Your goal: Take the material below and extract the lines from the one with "閲覧いただきありがとございま" through the one with "Bel İki Yanı Boydan Bağcıklı Tesettür Elbise Bel", word for word, without pictures.

Material to process:
------------------------------------------------------------
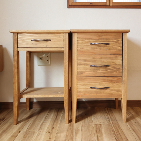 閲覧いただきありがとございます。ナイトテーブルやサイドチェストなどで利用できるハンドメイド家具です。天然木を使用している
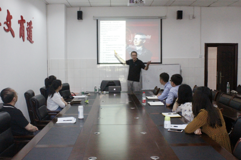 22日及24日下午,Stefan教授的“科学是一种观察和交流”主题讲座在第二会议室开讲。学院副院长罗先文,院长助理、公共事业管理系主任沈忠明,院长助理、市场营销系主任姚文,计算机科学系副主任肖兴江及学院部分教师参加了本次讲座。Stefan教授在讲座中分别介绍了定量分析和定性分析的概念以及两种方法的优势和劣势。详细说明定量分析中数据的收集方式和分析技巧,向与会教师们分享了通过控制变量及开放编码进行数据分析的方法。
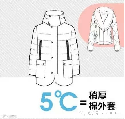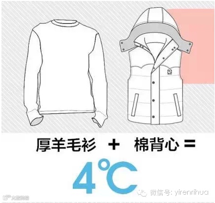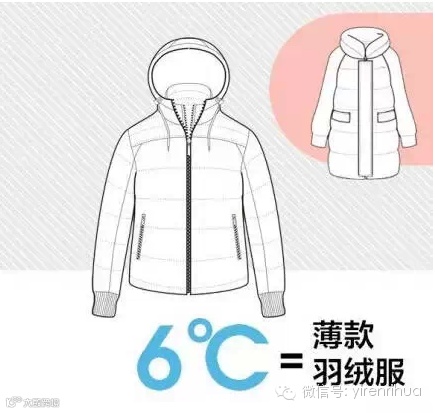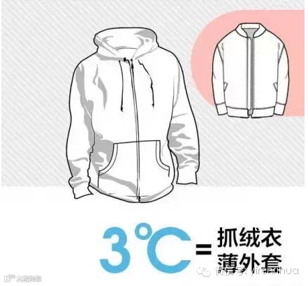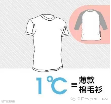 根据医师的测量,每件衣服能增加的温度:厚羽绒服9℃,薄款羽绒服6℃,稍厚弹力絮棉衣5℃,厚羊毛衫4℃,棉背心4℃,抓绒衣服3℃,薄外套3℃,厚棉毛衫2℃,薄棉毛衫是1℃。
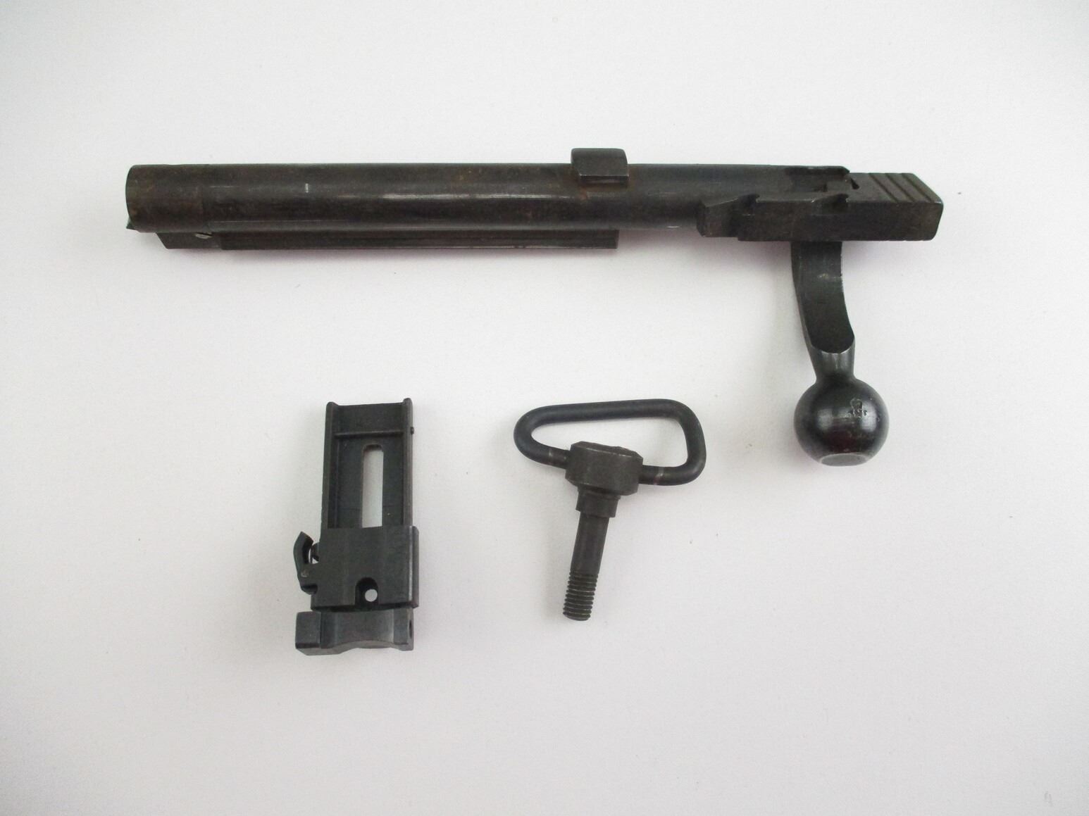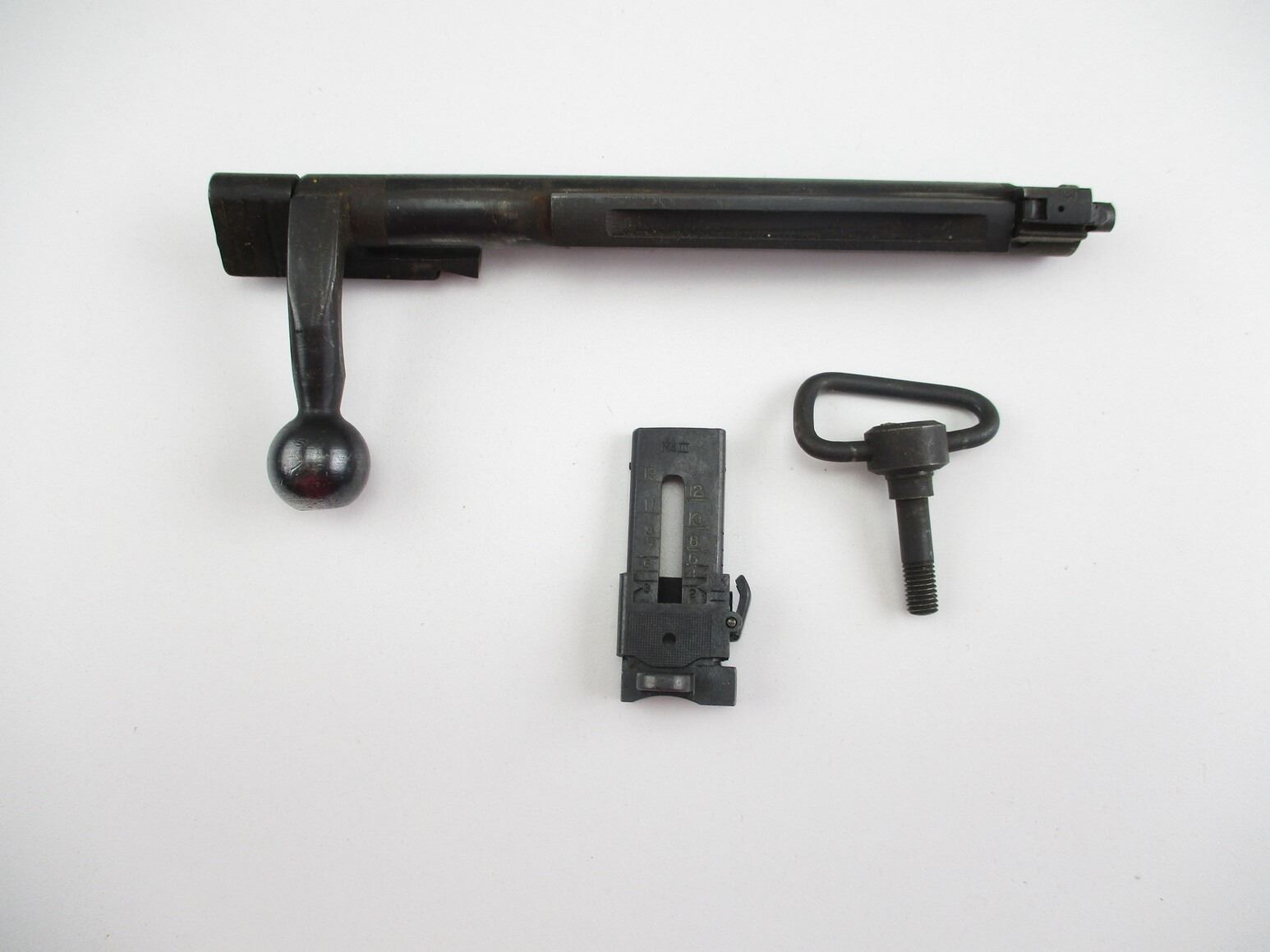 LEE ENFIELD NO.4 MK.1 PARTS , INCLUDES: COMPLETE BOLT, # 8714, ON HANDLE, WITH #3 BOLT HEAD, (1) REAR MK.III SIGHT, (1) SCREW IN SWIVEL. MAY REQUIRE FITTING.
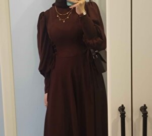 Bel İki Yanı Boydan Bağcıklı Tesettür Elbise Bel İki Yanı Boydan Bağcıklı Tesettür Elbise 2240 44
------------------------------------------------------------
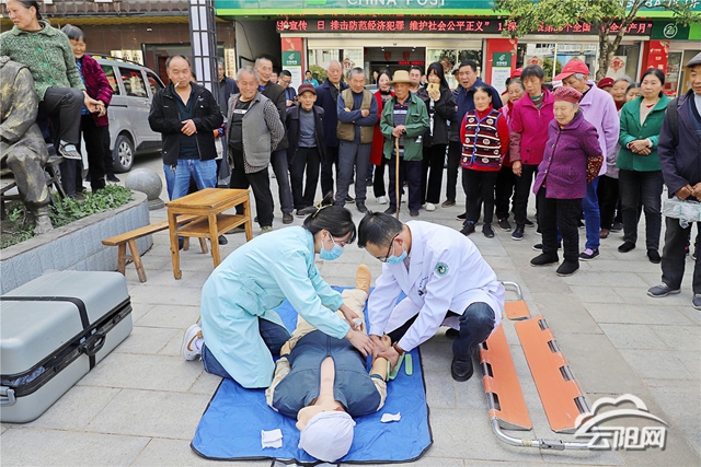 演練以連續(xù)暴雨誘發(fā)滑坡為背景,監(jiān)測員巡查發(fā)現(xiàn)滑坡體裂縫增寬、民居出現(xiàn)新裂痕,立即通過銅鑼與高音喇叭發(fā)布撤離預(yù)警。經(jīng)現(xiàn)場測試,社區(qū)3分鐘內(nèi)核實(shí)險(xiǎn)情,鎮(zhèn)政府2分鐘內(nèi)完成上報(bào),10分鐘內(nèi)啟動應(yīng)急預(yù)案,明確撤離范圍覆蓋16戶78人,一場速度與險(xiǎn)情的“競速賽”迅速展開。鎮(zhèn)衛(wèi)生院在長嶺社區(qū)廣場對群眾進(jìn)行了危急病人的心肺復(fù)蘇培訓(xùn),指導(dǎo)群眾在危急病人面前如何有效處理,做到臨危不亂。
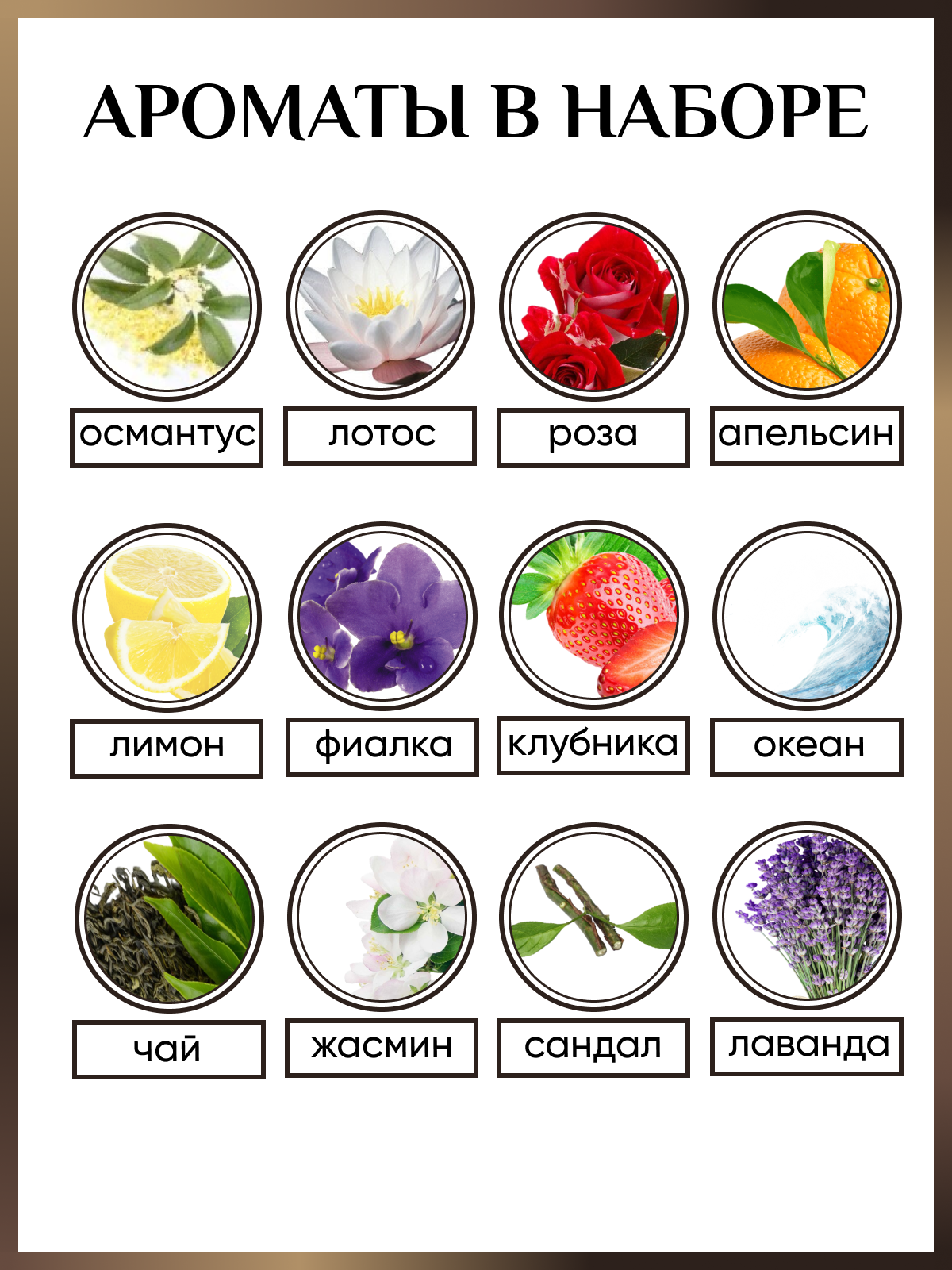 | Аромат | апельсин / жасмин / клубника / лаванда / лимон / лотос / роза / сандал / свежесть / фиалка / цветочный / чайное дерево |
------------------------------------------------------------
Answer space:
 閲覧いただきありがとございます。ナイトテーブルやサイドチェストなどで利用できるハンドメイド家具です。天然木を使用している
 22日及24日下午,Stefan教授的“科学是一种观察和交流”主题讲座在第二会议室开讲。学院副院长罗先文,院长助理、公共事业管理系主任沈忠明,院长助理、市场营销系主任姚文,计算机科学系副主任肖兴江及学院部分教师参加了本次讲座。Stefan教授在讲座中分别介绍了定量分析和定性分析的概念以及两种方法的优势和劣势。详细说明定量分析中数据的收集方式和分析技巧,向与会教师们分享了通过控制变量及开放编码进行数据分析的方法。
 根据医师的测量,每件衣服能增加的温度:厚羽绒服9℃,薄款羽绒服6℃,稍厚弹力絮棉衣5℃,厚羊毛衫4℃,棉背心4℃,抓绒衣服3℃,薄外套3℃,厚棉毛衫2℃,薄棉毛衫是1℃。
 LEE ENFIELD NO.4 MK.1 PARTS , INCLUDES: COMPLETE BOLT, # 8714, ON HANDLE, WITH #3 BOLT HEAD, (1) REAR MK.III SIGHT, (1) SCREW IN SWIVEL. MAY REQUIRE FITTING.
 Bel İki Yanı Boydan Bağcıklı Tesettür Elbise Bel İki Yanı Boydan Bağcıklı Tesettür Elbise 2240 44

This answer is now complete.